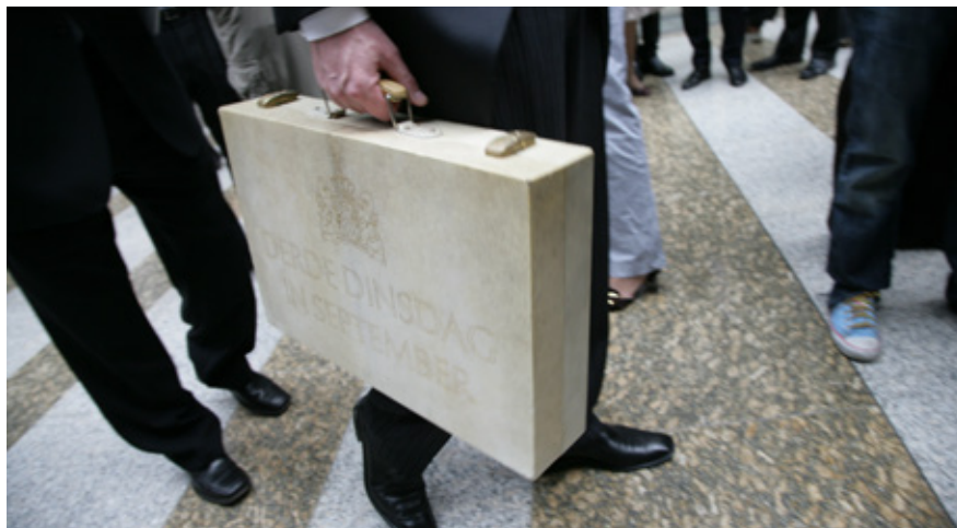
De deltacommissaris gaat ervan uit dat het kabinet tijdig besluit over de continuering van de voeding van het Deltafonds, zodat ook voor de jaren na 2028 genoeg geld beschikbaar is.

Naast de investeringen door het Rijk is medebekostiging door andere betrokken
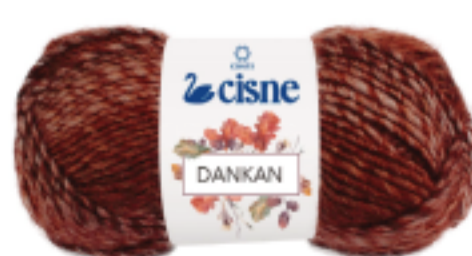
00930 Mescla Marrom
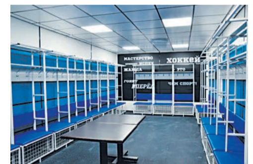
Раздевалка для хоккеистов
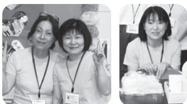
▲笑顔がステキなケアマネさん
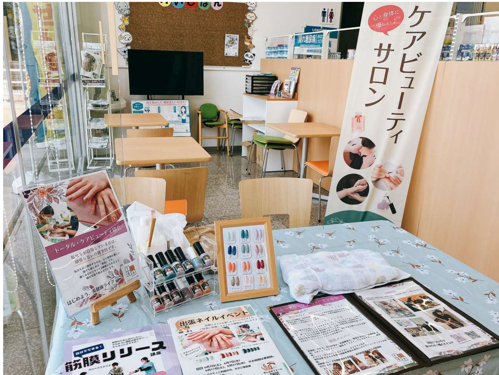
ウエルカフェを活用してのイベント
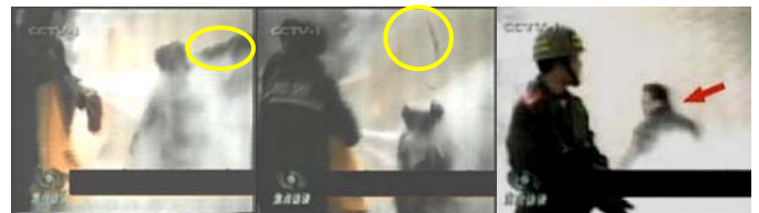
1. 击打者的手臂 2. 击打后飞出的重物 3. 击打者仍保持用力姿势
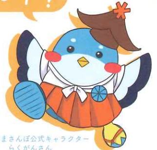
堅田*はまさんぽ公式キャラクター らくがんさん
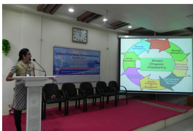
Power Point Presentation by the students

---

Problem to solve. Return exactly the lines starting at the line with "1. 击打者的手臂 2. 击打后飞出的重物 3. 击打者仍保持用力姿势" and ending at the last line of the listing, both ends included; pictures are to be left out.

Written solution.
1. 击打者的手臂 2. 击打后飞出的重物 3. 击打者仍保持用力姿势
堅田*はまさんぽ公式キャラクター らくがんさん
Power Point Presentation by the students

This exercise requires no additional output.